U.S. Economy Begins 2016 on Shaky Ground, According To Decision Analyst's Economic Index
Wednesday, February 10, 2016
Posted by: Christina Sacher Brown
U.S. Economy Begins 2016 On Shaky Ground,
According To Decision Analyst’s Economic Index
Arlington, Texas—The Decision Analyst U.S. Economic Index registered 107 in January 2016, a 3-point decline from December 2015. The U.S. Economic Index in January 2016 is the same as it was in January 2015, suggesting that 2016 will be another year of slow or no economic expansion. The Economic Index tends to lead U.S. economic activity by 6 to 12 months. Below is the past-10-year history of the U.S. Economic Index.

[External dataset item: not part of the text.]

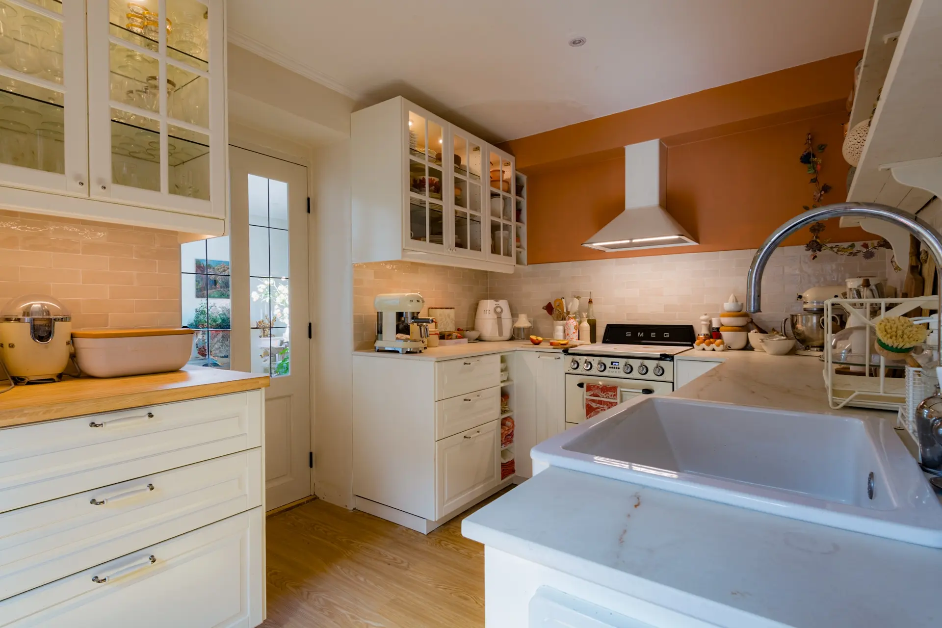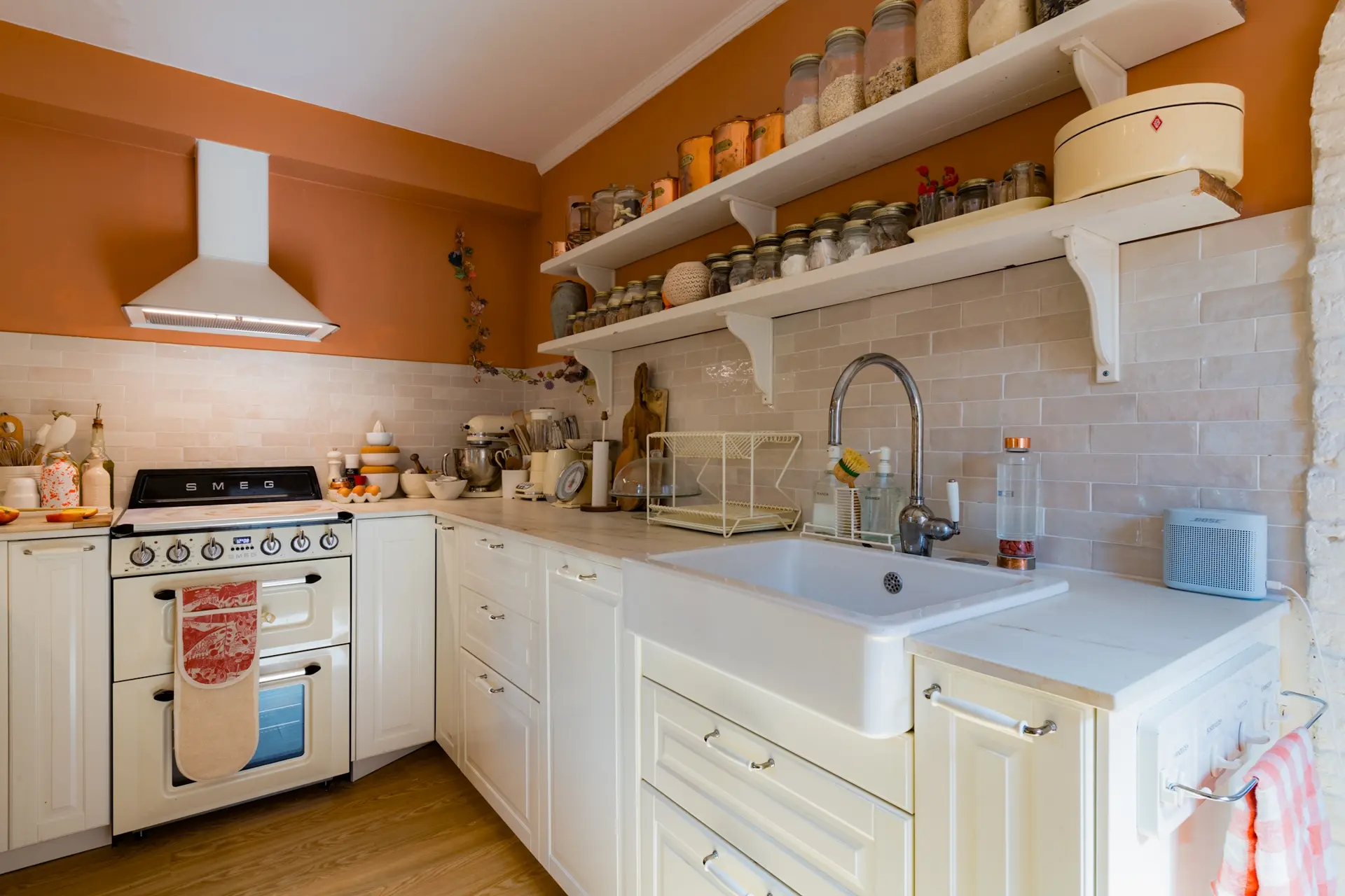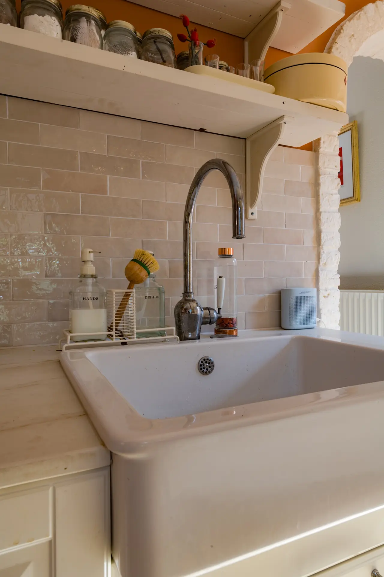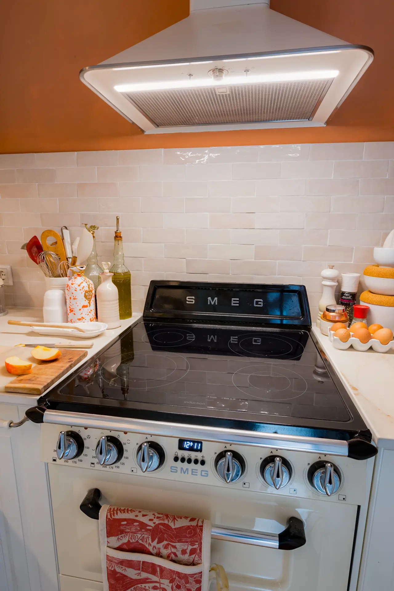 Vanuit de living betreed je de keuken. Deze is volledig vernieuwd (2025) in de stijl van de woning, met oog voor detail en afwerking. De keuken is voorzien van een Smeg 4-pits inductiefornuis met 2 multifunctionele ovens en bijbehorende afzuigkap, robuuste wasbak, vaatwasser en koelkast. Vanuit de keuken is er toegang tot zowel de oprit als de aanbouw.

“The U.S. Economic Index increased sharply during the last three months of 2015 as the costs of oil, gasoline, and natural gas remained low. Reduced energy costs are, on balance, a stimulus to the U.S. consumer economy because households have more cash in hand to spend on groceries, eating out, clothing, and other consumer goods. Low energy costs lead to improved profitability in most energy-intensive industries, such as airlines, transportation and shipping, food processing, and many manufacturing companies,” said Jerry W. Thomas, President/CEO of Decision Analyst, a global marketing research and analytical consulting firm. “On the other side of the equation, the rising tide of debt of all types, the difficulty many small firms face in raising adequate amounts of money from the banking system in the U.S., and economic weakness in China, Russia, Brazil, and many emerging economies are exerting downward pressure on the U.S. economy. A U.S. recession in 2016 is not out of the question, but the odds continue to favor economic growth in the U.S. in 2016, albeit at a very modest pace.”